The following libraries are used in this project:

- **[tensorflow](https://www.tensorflow.org/)**: TensorFlow is used for building and training the speech recognition model.
- **[numpy](https://numpy.org/)**: NumPy is used for numerical operations and handling arrays.
- **[pygame](https://www.pygame.org/docs/)**: Pygame is used to create the Snake game and handle graphics and user input.
- **[sounddevice](https://python-sounddevice.readthedocs.io/en/0.4.7/)**: Sounddevice is used to capture audio from the microphone in real-time.
- **[queue](https://docs.python.org/3/library/queue.html)**: The Queue module is used for handling audio data in a thread-safe manner.
- **[random](https://docs.python.org/3/library/random.html)**: The Random module is used to generate random positions for the Snake game food.
- **[threading](https://docs.python.org/3/library/threading.html)**: Threading is used to process audio data in parallel with the game loop.

## Detailed Explanation

### `speech_recognition_model_trainer.py`

This script is the core of the project, responsible for training the speech recognition model. The key components of the script are:

- **TrainModel Class**: This class handles the training process for the speech recognition model. It includes methods to load datasets, prepare audio data, build the model, train the model, and evaluate its performance.
- **_load_commands() Method**: Loads command names from the dataset directory.
- **load_datasets() Method**: Loads and splits audio datasets into training, validation, and test sets.
- **_make_spec_ds() Method**: Converts audio data into spectrograms for model input.
- **build_model() Method**: Defines and compiles the CNN model architecture for speech recognition.
- **train_model() Method**: Trains the model on the prepared dataset.
- **evaluate_model() Method**: Evaluates the model's performance on the test set.
- **ExportModel Class**: This class is used to export the trained model for inference. It includes methods to preprocess audio data and make predictions using the trained model.

### `speech_recognition_game.py`

This script integrates the trained model with a real-time game controlled by voice commands. The key components of the script are:

- **SnakeGame Class**: This class sets up and runs the Snake game using Pygame. It handles game initialization, drawing, scoring, and game logic.
- **VoiceControl Class**: This class handles voice command processing and game control.

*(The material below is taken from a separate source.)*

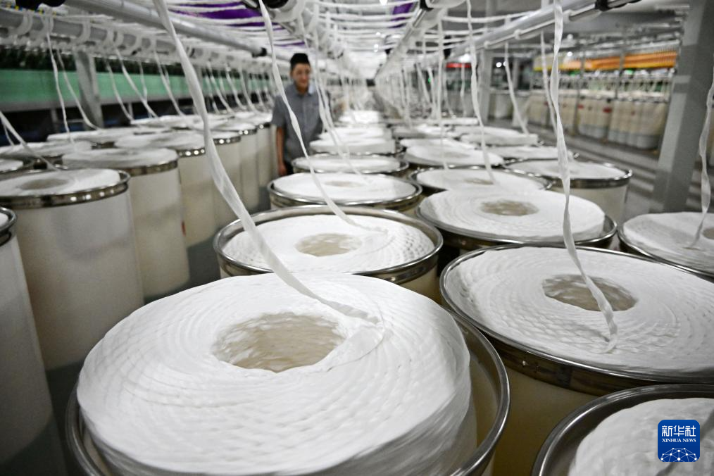 即墨區一家智慧紡紗企業的職工在全自動絡筒生產線上抽檢高端纖維品質(3月25日攝)。
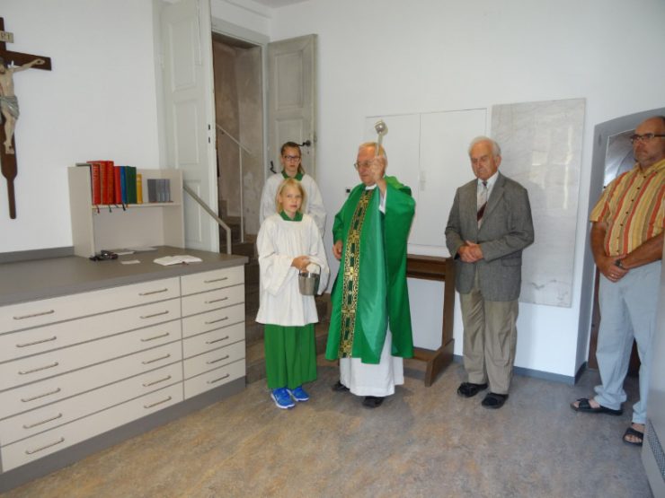 Sanierung der Sakristei der Schlosskapelle in Erlach abgeschlossen Erlach. Seit Ostern lief Sanierung der Sakristei der Schlosskapelle Erlach. Pfarrer Franz Schmitt freute sich Ende Juli 2017 über den Abschluss der Arbeiten und segnete nach dem Sonntagsgottesdienst den neu gestalteten Raum. Ausgangspunkt der Sanierung war die veraltete Elektroinstallation, die komplett erneuert werden musste. In diesem Zug […]

It includes methods for audio processing, making predictions with the model, and translating predictions into game actions.
- **audio_callback() Method**: Captures audio data from the microphone and adds it to a queue.
- **process_audio() Method**: Processes audio data, makes predictions using the trained model, and updates the game state based on the predicted commands.

### How It Works

1. **Model Training**:
- The `speech_recognition_model_trainer.py` script reads audio data from the specified dataset directory.
- The audio is converted into spectrograms, and the model is trained to classify different voice commands.
- The trained model is saved for later use.

2. **Voice-Controlled Game**:
- The `speech_recognition_game.py` script loads the trained model and starts a microphone stream to capture real-time audio.
- The captured audio is processed and passed through the model to predict voice commands.
- The predicted commands are used to control the Snake game in real-time.

### Dataset

The dataset used for training the model can be accessed via this [Dataset](https://drive.google.com/drive/folders/1aAST8IX1-3Ri1eBdhq-4oyZVY8gjuuub?usp=sharing).

## Installation and Setup

To use this project, follow these steps:

1. Clone the repository:

```bash
git clone https://github.com/amiriiw/speech_recognition
cd speech_recognition
```

2. Install the required libraries:

```bash
pip install tensorflow numpy pygame sounddevice
```

3. Prepare your dataset (an audio dataset with voice commands).

4. Train the model:

```bash
python speech_recognition_model_trainer.py
```

5. Run the voice-controlled game:

```bash
python speech_recognition_game.py
```

## License

This project is licensed under the MIT License. See the [LICENSE](LICENSE) file for details.